Es macht etwas aus, ob man solch einen Spielsaal mit oder ohne wissende Gnomen betritt.

Der Tourist, der da eintritt und, weil er doch nun einmal in Homburg oder Wiesbaden ist, später »mitreden« will, weiß wahrscheinlich nicht, daß gerade er selbst oftmals eine der lächerlichsten Figuren abgibt, die man am grünen Tisch antrifft. Das blöde Umhergucken, der offene Mund, oder – später – die mißglückte vornehme Geringschätzung in den zusammengekniffenen Lippen, die bürgerliche Zugeknöpftheit, die armselige Verwunderung über die paar Häufchen Gold, die wohlanständige Grimasse – alles ruft: Nein, von dem Wasser trinke ich nicht!

Wir sahen schon, daß es Touristen gibt, die daheim viel unschmackhaftere Tränkchen genießen. Und da sie vielfach nicht so aussehen, als könnten sie rechnen, so werden sie wohl später auch noch von diesem Wasser trinken.

Die meisten stehen unter dem Eindruck moralischer Erzählungen.

Alle Spieler müssen tragische Figuren sein.

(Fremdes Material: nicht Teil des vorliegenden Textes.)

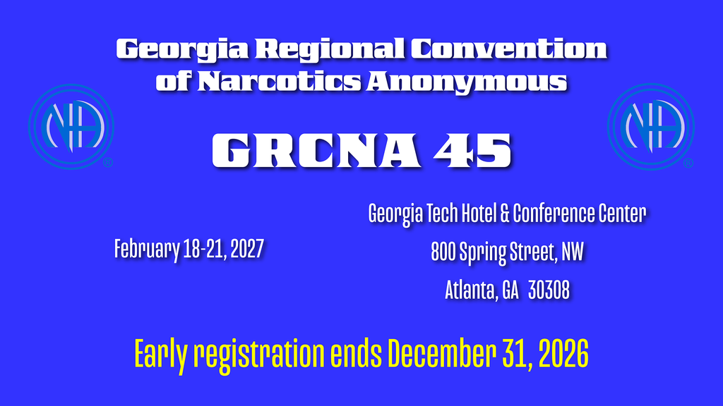 Welcome to the official website for GRCNA 45, taking place February 18–21, 2027, at the Georgia Tech Hotel & Conference Center in Atlanta, Georgia. We are excited to bring our regional fellowship together for a weekend of connection, recovery, and celebration in a comfortable and centrally located venue. Throughout the weekend, attendees can expect inspiring meetings, fellowship opportunities, entertainment, and meaningful shared experiences with members from across the region and beyond. Whether this is your first convention or you attend every year, we look forward to welcoming you to Atlanta for a memorable and uplifting event.
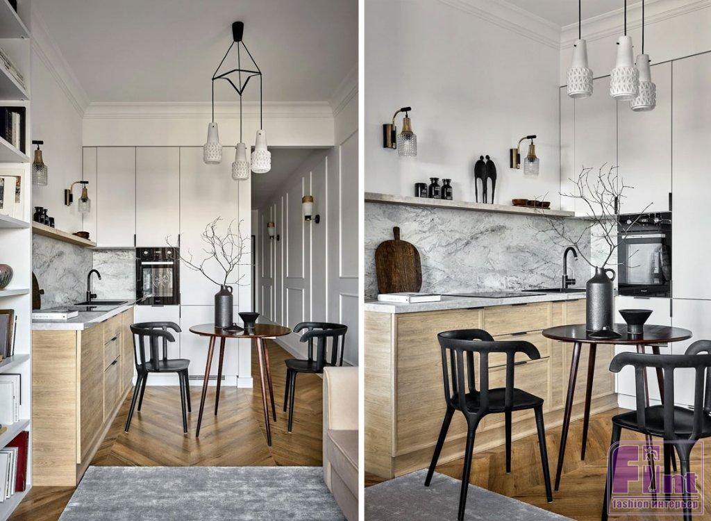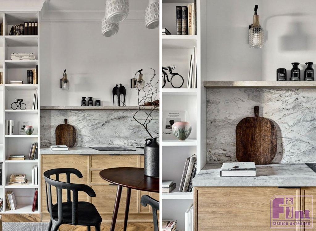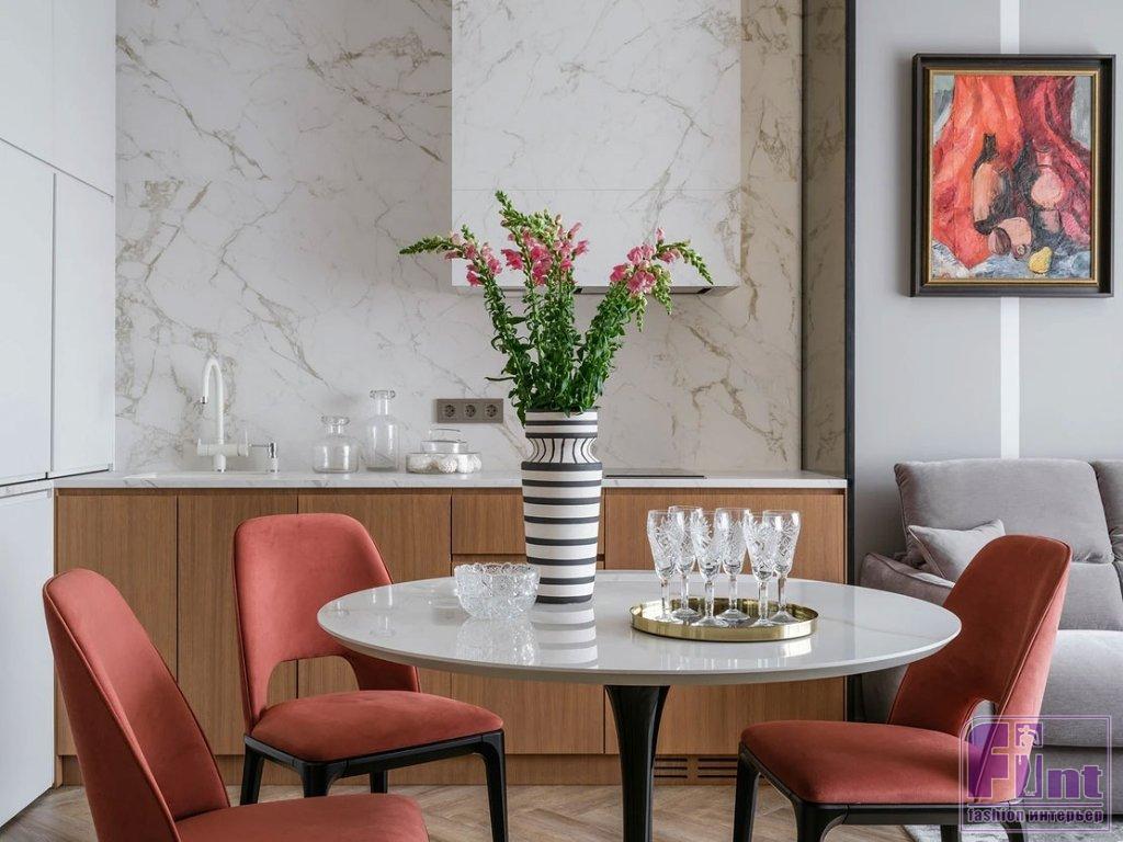 Эта квартира по проекту дизайнера Светланы Воронцовой создавалась заказчиком в подарок для своей мамы. Здесь на кухне применили тот же прием, что и в предыдущем проекте — верхние шкафы по одной стене компенсировали высокими колоннами, которые заняли всю другую стену. Пространство стены над столешницей оформлено керамогранитом под мрамор, которым отделан, в том числе, и короб канальной вытяжки. Благодаря такому решению короб буквально «сливается» со стеной. За счёт фактуры пространство не выглядит пустым.
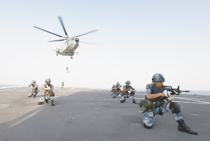 9月26日,在长白山舰的飞行甲板上,特战队员索降后展开战术进攻训练。针对近期亚丁湾、索马里海域护航任务的不断变化,当地时间9月26日,中国海军第十八批护航编队组织舰载直升机和特战队员进行索滑降训练。
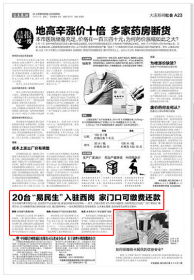 《半岛晨报》在2015年6月16日A23版,以“20台‘易民生’入驻西岗,家门口可缴费还款”为标题对大连迅通网络技术有限公司“易民生”智能终端进行了报道。原文转载如下:
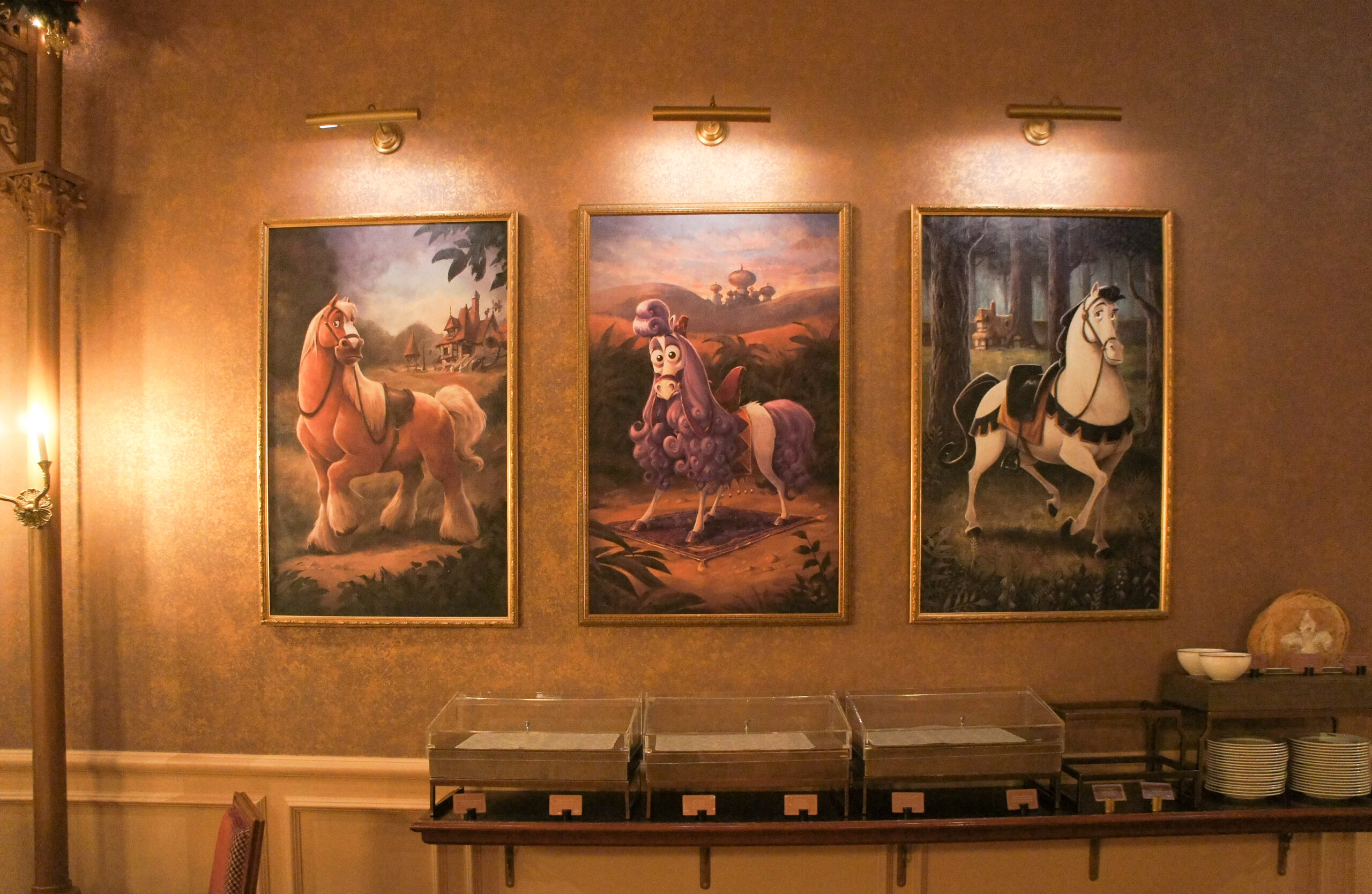 Ainsi, la Salle du Carrousel rend hommage à des montures iconiques et parfois inattendues parmi lesquelles : Maximus (Raiponce), Samson (La Belle au Bois Dormant), Khan (Mulan), Philibert (La Belle et la Bête) et Angus (Rebelle).
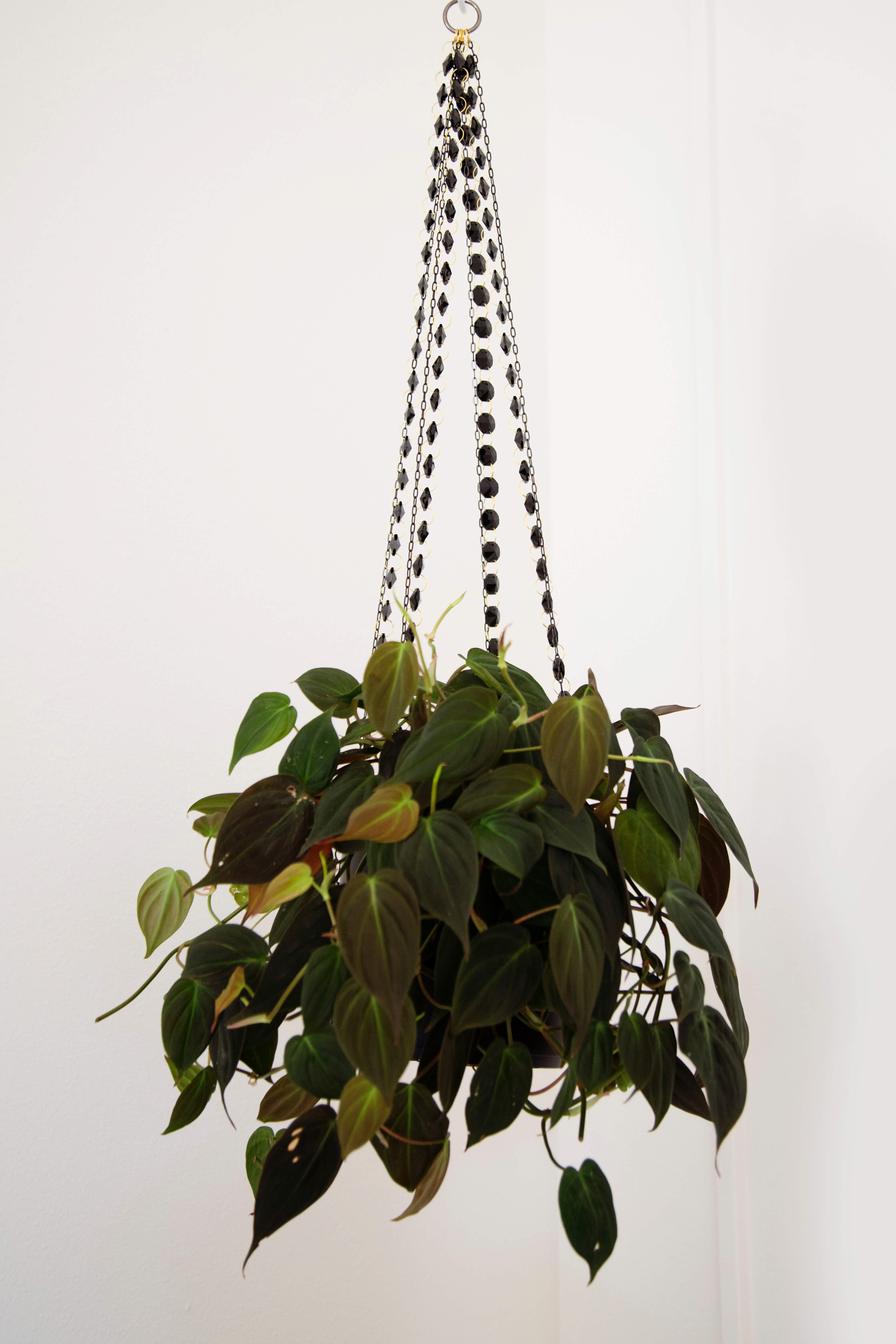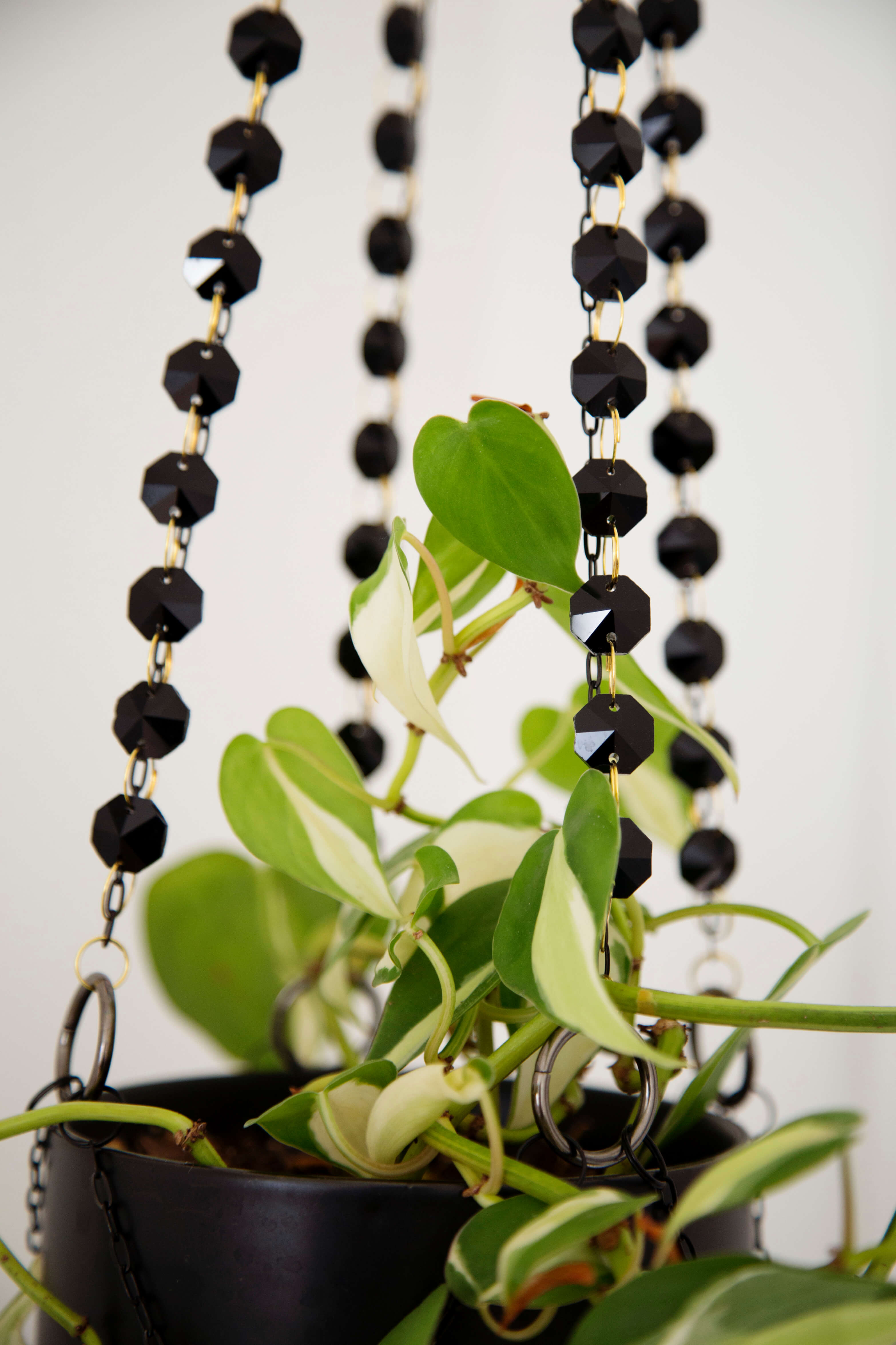 🖤 Bring bold elegance into your space with our handcrafted Black Plant Hanger, designed to make your greenery truly shine. Featuring black glass beads, a sleek black chain, and subtle hints of gold, this piece offers a modern, moody twist while bringing nature in.
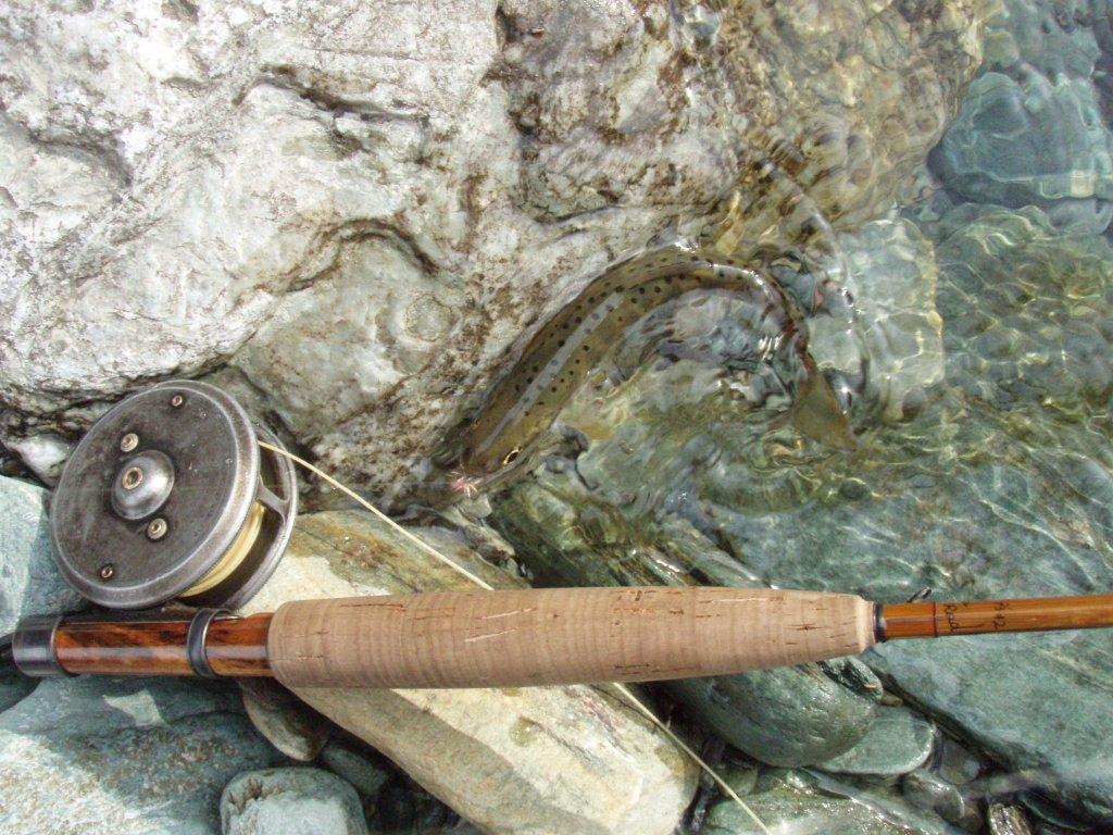 午前中で「猪宴会」の後始末が終了。10年物のラージタープを干して収納しましたが,結構長持ちするもんですね。防水機能がチョット低下したみたいなのでスプレーで復活すればまだ使えそうです。4月以降はセミクローズドのイベントをいくつか企画してます。その為にも「アメゴが釣れなきゃ・・」で,ロッドを持って見回り・水温測定に出かけました。6箇所で測定し,6℃~6.2℃で全てのポイントでライズがありました。26番でライズに見とれてたら岩の上に置いておいた記録板と水温計が風に煽られて (アオラレテ) ,水中に「ズルッ」と・・そのまま行方不明になりました。明日からはデジタル水温計で計測です。小生のデジ水温計は表示が安定するまで時間がかかるので,「なんかなぁー」です。で,チョッコシ落ち込みながら山を降り始めの途中で「気分転換の試し釣り」をしました。当初予定のポイントはズット下で,だったんですが。ウェーディング無しのニーブーツで行ける範囲で各種フライを試し,「やっぱしこれか」のアダムスパラシュート#18でした。片手20cmのアマゴ。一匹釣れたら納竿が最近のマイルールで,有終。2番ロッド・シルクライン・シルクテーパーリーダー・7Xティペットでした。
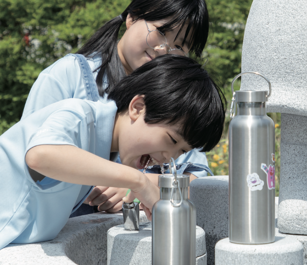 학교나 근처 아리수 음수대에서 텀블러에 물을 받아 마셔 보세요. 페트병이나 플라스틱 컵 대신 텀블러를 사용하면 환경 보호에도 도움이 된답니다.
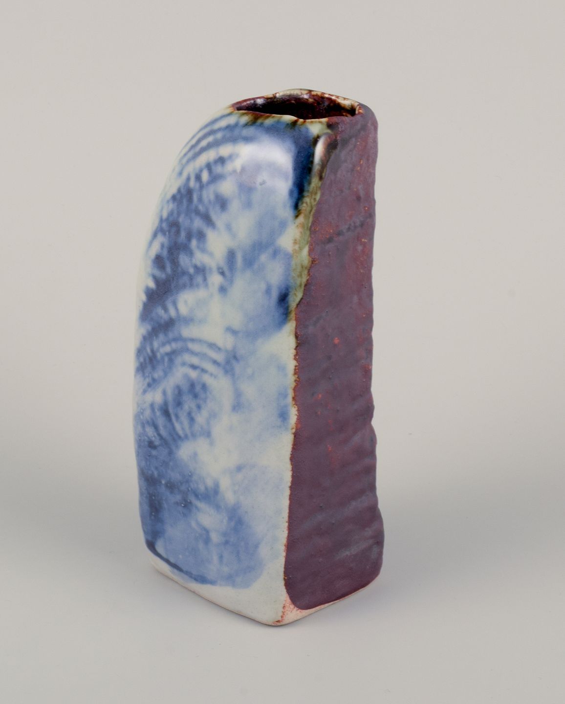 Vase i keramik. Organisk form. Glasur i mange farvenuancer.
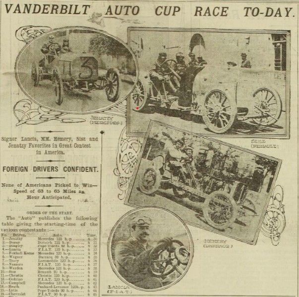 Signor Lancia, MM. Hemery, Sisz and Jenatzy Favorites in Great Contest in America.
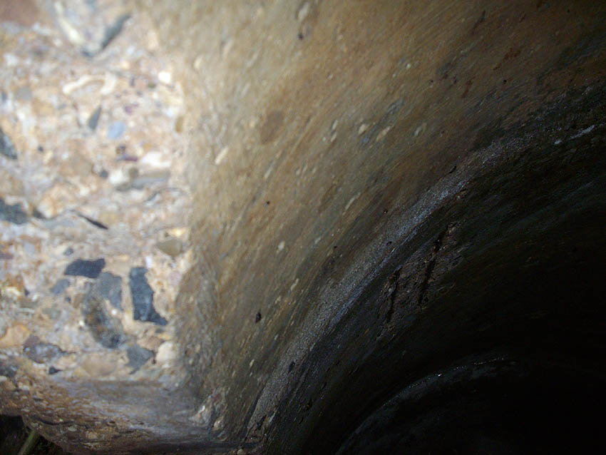 Der Boden der Zelle, Klinker überall. Die Zelle wurde mit dem geklinkerten Straßenboden der Zuwegung zur Flak Tirpitzhafen, auf der sie stand, vergossen.
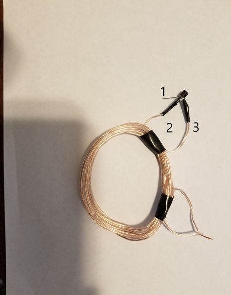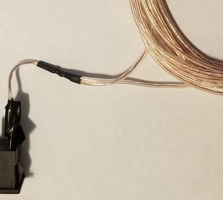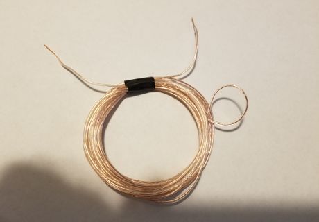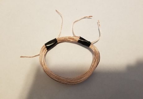 Cut the center of the loop you made in the previous step. Again strip the ends of all cables, ~1/2 inch. Wrap tape around the coil to ensure it doesn't come apart.

Alle drei, vier Minuten hört man einen Schuß. Der Weg ist besät mit Leichen. Die Teiche in der Gegend haben nicht Wasser genug für alle Selbstmörder. Die Menschen stellen sich, einer hinter dem anderen, an, um zu den Waffenhändlern zu gelangen. Menschenfreunde erfinden Mitrailleusen, aber auch diese schaffen es nicht. Das bequeme Strychnin reicht nicht aus.

Und im Saale selbst sieht man oft ein Kind auf dem Tische ... Säuglinge ... Knaben, Mädchen ... ganze Familien ... die letzte Habe verzweifelter Väter, die ein falsches System hatten ...

Ich will diese Väter und auch die Romanfabrikanten hier auf das Reglement aufmerksam machen. Man setzt in Talern, Gulden oder Franken. In Gold werden nur Louisdors oder preußische Friedrichs angenommen. Papier nur französische Kassenscheine. Wer keine dieser Sorten besitzt, muß erst wechseln, und das besorgt die Bank gern, zum Tageskurse. Dramatische »Macher«, die ein Kind setzen lassen, müssen also dem Leser mitteilen, zu welchem Preise das Objekt von der Bank angenommen wird, und wie sie es bucht. Die Aktionäre würden sich wundern, wenn sie die Dividende in Kinderchen ausgezahlt erhielten, und auch die Spieler selbst würden es nicht angenehm finden, ihren Gewinn in so seltsamer Zahlung nach Haus zu tragen.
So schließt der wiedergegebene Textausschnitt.